Wellbeing at work

Creating a healthy workplace isn’t as difficult as you might think and it starts with small, simple changes.

Author

Sarah O'Donovan

Businesses that care about good mental health and wellbeing attract and retain top talent because they’re great places to work, as well as benefiting employees, a mentally healthy workplace is better for your bottom line.

Healthy workplaces promote mental health and wellbeing. They are positive and productive and get the best out of everyone. While the places we work come in all shapes and sizes, mentally healthy working environments have a number of things in common. 

Beyond Blue’s 10 signs of a mentally healthy workplace

1 Mental health is a priority 

Mental health is understood and openly discussed by all levels of the organisation.

2 Mental health support is available

Work colleagues and managers are supportive and responsive to employees’ mental health needs. 

3 Trusting, fair, respectful culture

Employees at all levels interact with honesty and respect and this extends to customers, clients and the public.

4 Open and honest leadership 

Leaders give employees a sense of shared purpose in achieving the goals of the organisation.

5 Good job design

Employees are equipped emotionally and adequately skilled for the job they do and have appropriate working arrangements. 

6 Workload management is addressed

Tasks can be accomplished successfully within the time available. 

7 Employee development and recognition

Employees are encouraged, acknowledged and rewarded. 

8 Employee inclusion and influence

Employees have control of the way they work and influence important decisions.

9 Physical safety is a given

Employees can carry out their work safely including being free from violence from customers and the public.

10 Work and life balance is acknowledged 

The need for balance between the demands of work, family and personal life are recognised. 

Research shows taking breaks can boost productivity

For employees, here are some simple steps you can take to promote wellbeing and take care of yourself at work:

Limit working extra hours

Working long hours can negatively impact your health. If this is something you find yourself doing, have a chat with your manager about your workload.

Schedule meetings during core working hours 

Arrange meetings within core working hours (9am–12.30pm and 1.30pm–5pm) to ensure your precious ‘out-of-hours’ time is protected.

Take regular breaks

Being busy all the time will ultimately lead to burnout. Research shows taking breaks can boost productivity. Walk around the block or go get 
some water.

Set realistic deadlines

Preparing a personal work schedule to ensure you complete work on time will improve productivity and help you work to a high standard without undue pressure. 

Take holiday leave

Taking holidays, or short getaways, helps reduce work-related stress, increases productivity, and prevents anxiety and depression.

Remember it’s okay to say no

It can be difficult to say no, but a manageable workload means you’re more likely to complete projects to a higher standard, leaving you in a better position to say yes to new tasks.  

‘Switch off’ from technology

Lead by example and don’t let emailing late at night become part of your work culture.

Make use of an Employee Assistance Program (EAP)

Many workplaces offer EAPs to help employees with personal and work-related issues impacting their work performance, health and emotional wellbeing.

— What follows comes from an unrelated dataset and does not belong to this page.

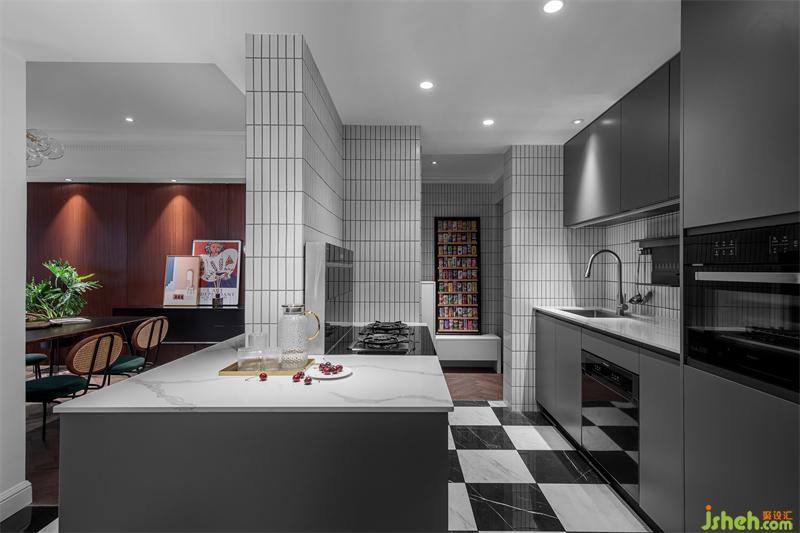 在動線上,將廚房與餐廳洗手臺作為兩個“環(huán)島”既滿足了空間的使用功能,又增加了空間的層次感和交流性,讓做飯變得更加有趣,而不是獨自面壁對著空氣。

Explore flexible working arrangements

Making work fit better into your day-to-day life can help improve your general wellbeing. Work closely with your manager so you can do your job in a way that works for both of you.  

Heads Up

HIA Charitable Foundation partner Beyond Blue has come together with the Mentally Healthy Workplace Alliance to create Heads Up, a free web-based initiative supporting Australian workplaces.

Along with interactive tools that allow anyone to create an action plan for their workplace, the Heads Up website also provides a wealth of information on fostering healthy workplaces.